# PonoMusic is iTunes' new rival



## Albert7 (Nov 16, 2014)

https://www.ponomusic.com/

I just downloaded the PC app and it's awesome. It is based off JRiver but like iTunes it has an online store to get high resolution files like iTunes. I prefer iTunes but this is awesome for those who don't want to deal with HDTracks which has a worse interface.

PonoPlayer looks good.


----------



## bigshot (Nov 22, 2011)

Complete bath of swine and oil of serpent.


----------



## fjf (Nov 4, 2014)

The name...poorly chosen...at first I thought someone was getting banned...then I realized an "r" was missing...


----------



## Guest (Jul 4, 2015)

I don't think iTunes needs to worry. $19.99 for an album? And sale prices $11.99? The average album on iTunes runs $9.99 - especially for classical albums, and Amazon is a little lower.


----------



## Weston (Jul 11, 2008)

On a side note, rumor has it people are having trouble with the new iTunes losing entire music libraries and so forth.

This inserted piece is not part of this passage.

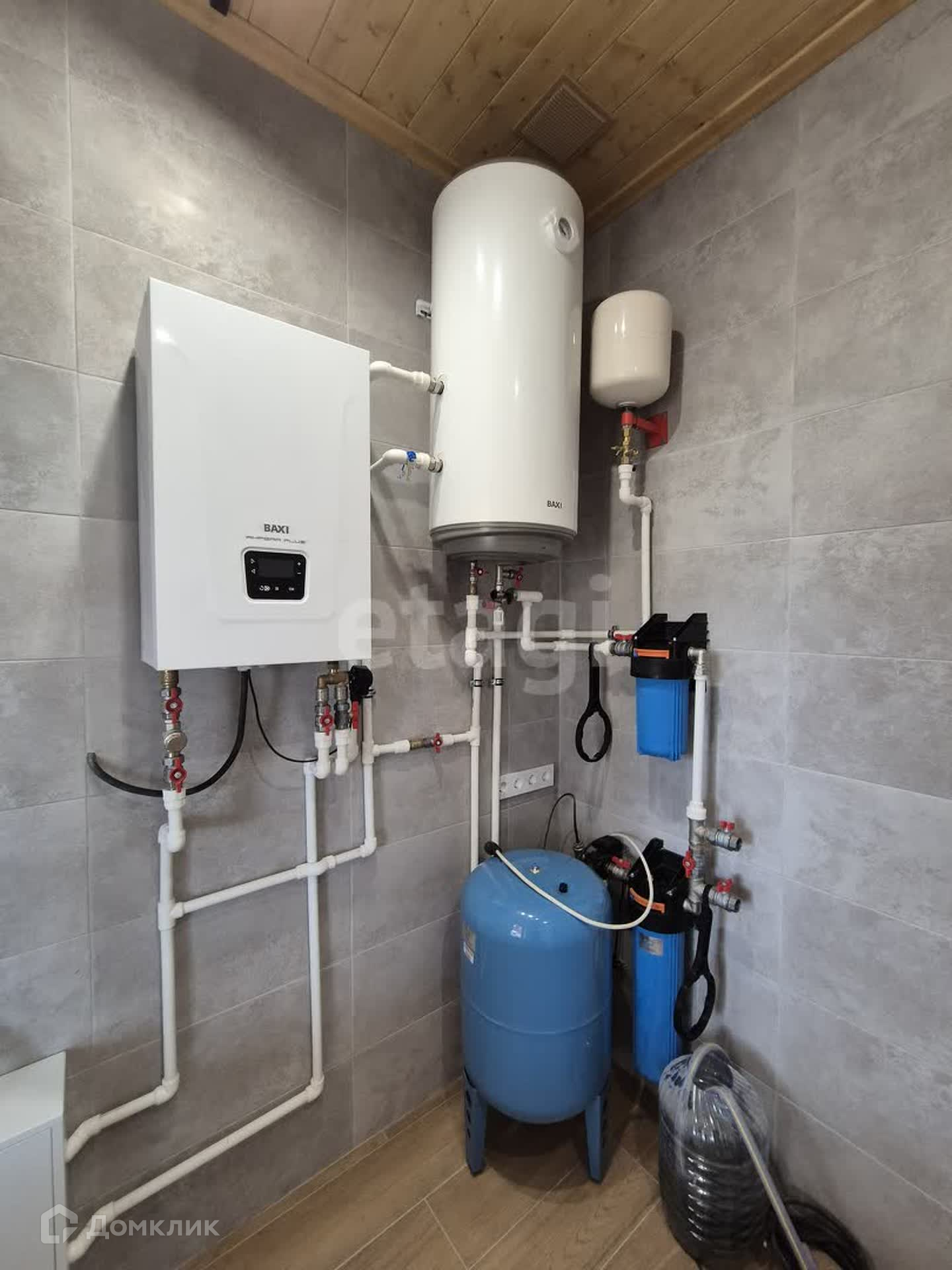 В доме проложены все инженерные системы: канализация, водопровод, электроснабжение. Отопление «теплым» полом. Котельная с бойлером нагрева воды. На входе в дом имеется мастер-кнопка, отключающая электропитание потребителей на время отсутствия хозяев в доме.

While that didn't happen to me, I did get my current audiobook moved to different (and rather awful) app and it lost my place within it. Why don't programmers leave things alone?


----------



## Albert7 (Nov 16, 2014)

Weston said:


> On a side note, rumor has it people are having trouble with the new iTunes losing entire music libraries and so forth. While that didn't happen to me, I did get my current audiobook moved to different (and rather awful) app and it lost my place within it. Why don't programmers leave things alone?


The iTunes update was needed in order to enable the new Apple Music service so I'm fine with it.


----------



## rspader (May 14, 2014)

Weston said:


> On a side note, rumor has it people are having trouble with the new iTunes losing entire music libraries and so forth. While that didn't happen to me, I did get my current audiobook moved to different (and rather awful) app and it lost my place within it. Why don't programmers leave things alone?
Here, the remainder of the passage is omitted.